Pero Frígilis había replicado:
—Sí quieres tal, si le dices que lo sabes todo. Lo que hay que hacer hay que pensarlo; yo no digo que la perdones, que esa sea la única solución; pero confiesa que el perdonar es una solución también.
—Perdonarla es transigir con la deshonra....
—Eso ya lo veríamos. ¿Tú eres cristiano?
—Sí, de todo corazón, más cada día.... Como que ya no veo más refugio para mi alma que la religión....
—Bueno, pues si eres cristiano ya veremos si debes perdonar o no.

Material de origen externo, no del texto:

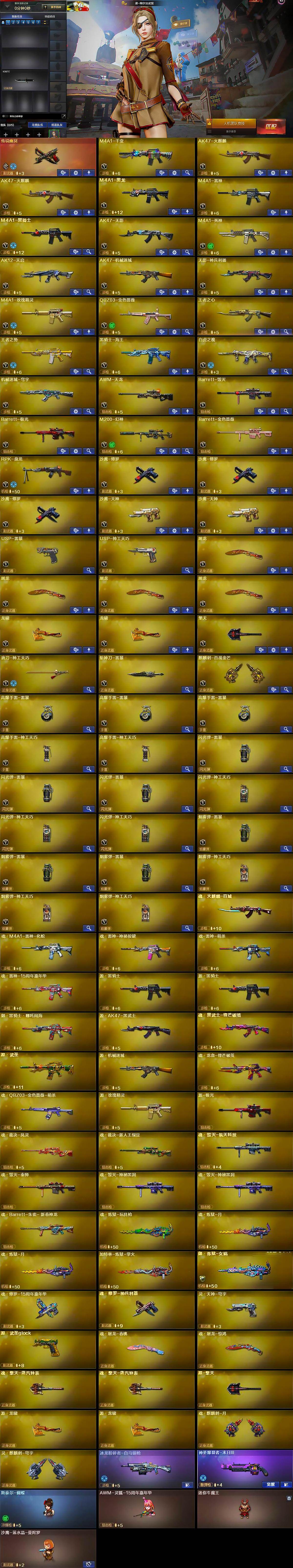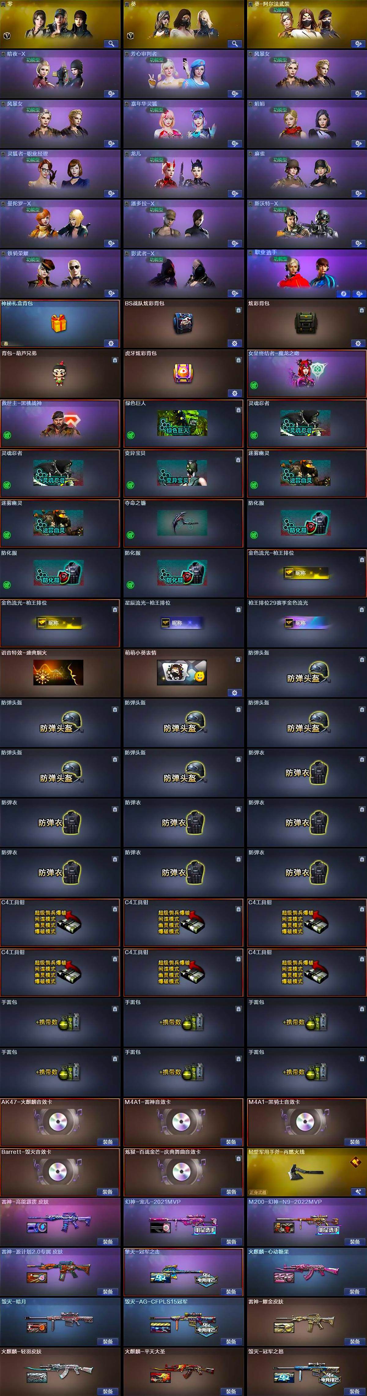 - [11824152]4粉装 7特效枪 2载具 9印记 可二次 可修改实名 女号 身法装备:Mark.06(新蓝螳螂) 优质装备:宝马X6 M(曼岛绿),AKM绿萝繁花,M416电玩时刻,时空协奏·心弦,GROZA-镜光银凌,SVD-月影灵韵,七级SVD-月影灵韵,樱桃泡泡,MK14-甜梦熊击,幻彩电音,Kar98K-巳巳如意 热门装扮:金丰海韵,迅捷狂鲨 稀有枪皮:DP-28-豹影疾电 五级特效枪:五级GROZA-镜光银凌,五级Kar98K-巳巳如意,五级DP-28-豹影疾电,五级MK14-甜梦熊击,五级M416-电玩时刻,五级AKM-绿萝繁花 紫色装扮:SS31特训套装,六六大吉,冷焰舞者,千禧之恋,霓虹热舞,SS30特训套装,云朵鹅,彩虹兔,雪绒豹,SS33特训套装,顶瓜瓜,时希公主,豚鼠丹丹,竞技角斗士,吉莉礼服,SS17特训,酒红色名流,野性山猫,长空猛禽,霓虹街区,青年教官,缤纷果语,蓝色运动,魅力单车,龙的传人,龟仙人,冰河战士,龙魂突击队,蝶变,香桃花海,格斗先锋,暗黑骑手,幻影武者,完美偶像,帅气教官,绮丽涂鸦,生化防暴队,空岛之星,竞技达人朋克,王牌教练,燃烧卡路里,特殊使命,特训学院,小熊娃娃,雏菊兔兔,萝兰蝴蝶,SS29特训,星途旅人,SS28特训,铁血战翼,Mark.06(新蓝螳螂),异域银装,鱼渊荷华,燕燕于飞,巳巳如意,森林游猎者,海琴烟,青团波波,糖糖葫芦,棉花软糖,竞技名士,街头风暴,怀庆长公主,银尘,惊鸿侠骨,SS25特训,锦衣飞扬,SS27特训,华灯初上,SS26特训,晶辉守护,大橘大利,星渊小夜曲,粉恋花,蓝冰羽,紫幽梦,SS32特训服(SS32特训套装),猎影月神,绯格组合,闪电轻猫,糖霜甜心,恋语绒绒,冰冻风暴,旷野奇兵,光之冒险,奇趣企鹅 优质战备:星梦奇缘降落伞,霓虹漫游降落伞,星途旅人降落伞,未来领航者降落伞,莲影清波降落伞,绝色倾城飞行器,蜜语绒猫降落伞,繁龙极客降落伞,幻彩电音降落伞,冷漠罗丽降落伞,飞天猪飞行器,荧海星豚降落伞,智趣喵喵降落伞,鬼刀降落伞,牡丹亭·游园飞行器,智耀战神降落伞,雪月幻音降落伞,桃粉嫣然降落伞,樱桃泡泡降落伞

Pero no se trata de esto todavía; se trata de no cortar el camino al perdón, antes de ver si conviene, dando a tu mujer esa puñalada mortal al entrar en su cuarto y gritar: «¡Muera la esposa infiel!» para que ella conteste: «¡Jesús mil veces!» y caiga redonda. Yo no sé si diría «Jesús mil veces» pero de que caería estoy seguro. Y ya ves, antes de matarla hay que ver si tenemos derecho para ello.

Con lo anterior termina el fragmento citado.